Your copy should start at the line with "1957 bal place du château" and end at the line with "CD. LÁZARO CÁRDENAS, MICH.-A" in the data below. Transcribe only those lines, exactly, pictures excluded.

-----

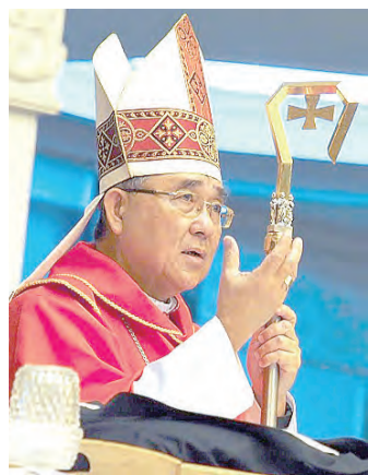
▲汶萊達魯薩蘭國沈高爾內略樞機，5月29日與世長辭。
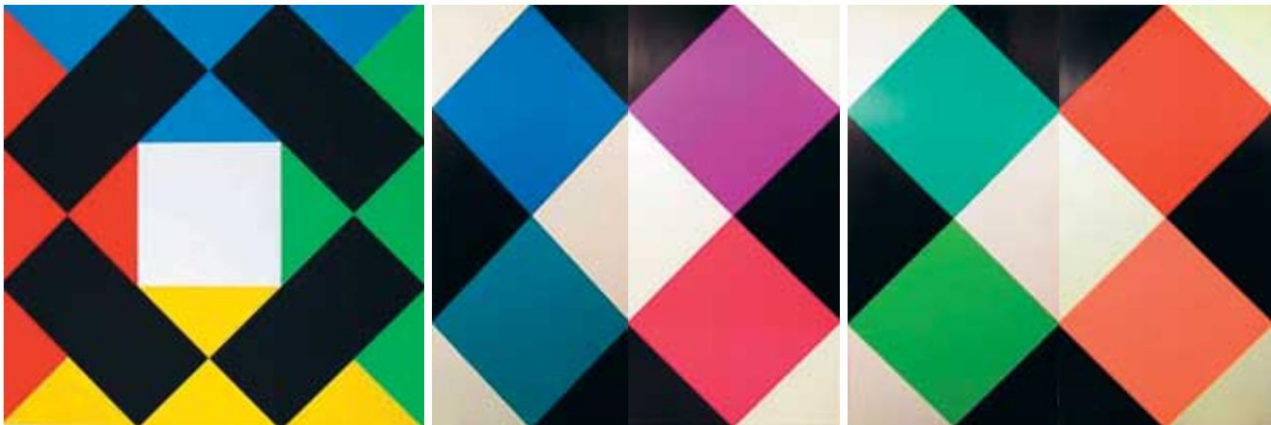
Рисунок 6 – Работы М. Билла

Таким образом, можно сделать вывод, что данное направление искусства породило немало талантливых графиков-дизайнеров. Революционное, но в то же время гармоничное для своего времени, это движение притягивало к себе все больше художников и дизайнеров, приводя к массовому созданию работ, основной чертой которых была именно простота. Идеи и принципы Баухауза остаются актуальными и по сей день.
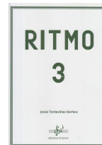
Ritmo 3 Jesús Tordesillas Herrero Si bemol Edicións 2019
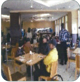
ホテルゆがふいん沖縄で
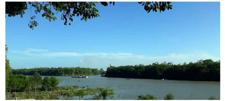
UMA DAS TRAGÉDIAS ACONTECEU NO RIO MARACAÇUMÉ
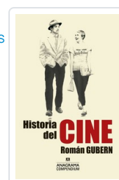
HISTORIA DEL CINE GUBERN, ROMAN
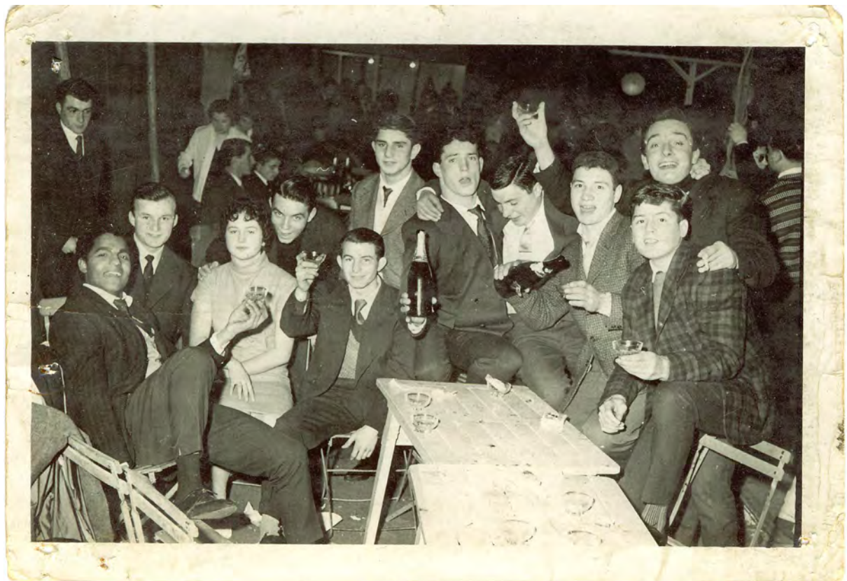
1957 bal place du château
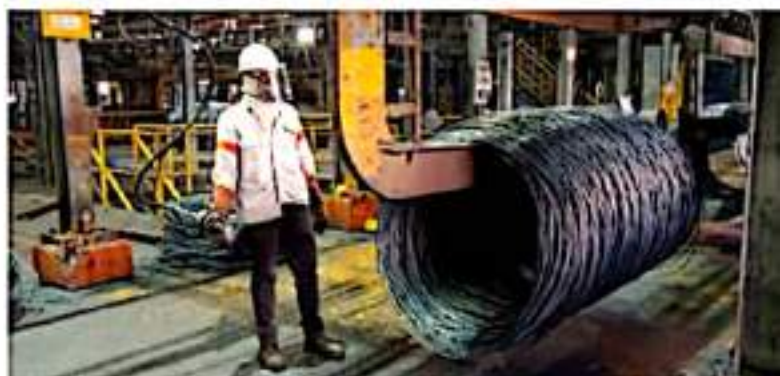
CD. LÁZARO CÁRDENAS, MICH.-A ArcelorMittal, durante el gobierno de Felipe Calderón le fue eximido el pago de impuestos por 1279 mdp, y con Peña Nieto 260 mdp, según el listado que presentó la Presidencia de la República.

Así, recordó que esas instituciones -junto con muchas otras- fueron beneficiadas por los gobiernos de Felipe Calderón y Enrique Peña Nieto, quienes les perdonaron el pago multimillonario de impuestos.
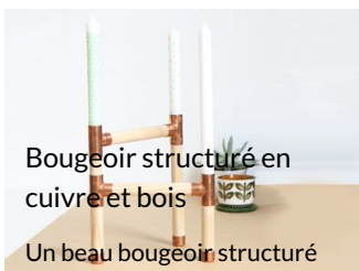
Bougeoir structuré en cuivre et bois

Un beau bougeoir structuré en cuivre et bois.
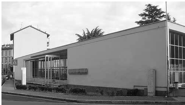
Рис. 3. «Народний» дім в Комо. 1932-36 рр. Арх. Джузеппе Терраньї.

-----

> [Result for this task]
1957 bal place du château
CD. LÁZARO CÁRDENAS, MICH.-A ArcelorMittal, durante el gobierno de Felipe Calderón le fue eximido el pago de impuestos por 1279 mdp, y con Peña Nieto 260 mdp, según el listado que presentó la Presidencia de la República.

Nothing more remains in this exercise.